The Importance of Background Verification


The Importance of Background Verification

 by: Stephen Spain

Today's society has created an environment that requires business owners to be armed with numerous tools. Many employers currently spend little time verifying the accuracy of employment applications and the cost of not doing normal due diligence can be staggering.

Consider:

An HVAC company recently paid $750,000 to a customer who was raped by a service technician. His employment application indicated no criminal convictions and the employer did not perform a complete background check.

An employee who had previously been convicted of passing bad checks forged signatures contracts. The court judged his employer negligent and awarded $175,000.

After driving for a telephone company for only a week, an employee was involved in a traffic accident. The jury learned that the company never saw the employee's driver's record which had five tickets within 18 months. They awarded the injured party $550,000.

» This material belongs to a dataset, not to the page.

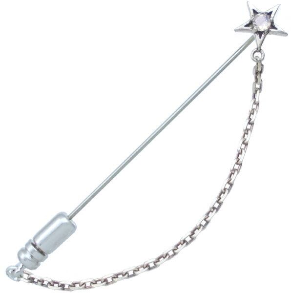 小さな星の真ん中にこだわりの5本爪で誕生石をセッティングしたエレガントなチェーン付ラペルピン。

Companies often don't adequately screen their new applicants. They should. Crooks and cons can cost your company a fortune.

Even if it were as simple as making an informed choice between a great service technician and one with an untrue work history, wouldn't a small investment be worth it. In today's business environment of easy access to computer systems and the proprietary information stored on them, even a temporary employee can wreak havoc on a company in a very short amount of time.

Corporate management has enormous pressure to hold employees to the highest ethical standards. Background checking cannot give employers everything they want but, there are data bases and sources for many other kinds of information; criminal data bases, sex-offender registries, workers compensation histories and of course critical screening for drivers licenses, employment history and educational history.

Bad hires can be devastating for a firm. Even a low level employee might mange to embezzle a few thousand dollars or drive away customers or at the l east consistently not show up for work costing you your hard earned customers business.

While it might be impossible to safeguard a company against every potential act of dishonesty, Hiring professionals can minimize the chances for unscrupulous behavior by understanding who it is they are really hiring. This means developing easy to institute background checking procedures that are utilized at all levels of the organization.


Stephen Spain, the COO of MECHdata that operates VERICRUIT, an online background checking service, recommends every new hire be screened at a minimum for driver's history, social security card verification and a local criminal history check. It is important to know who you are really hiring and this verifies the applicant is basically who they say they are. In this era of heightened concern about terrorism, theft and the risks involved with negligent hiring your need to be very careful about who is being brought into your business. Doing the proper due diligence on an applicant is critical to making informed decisions and building your firms business reputation.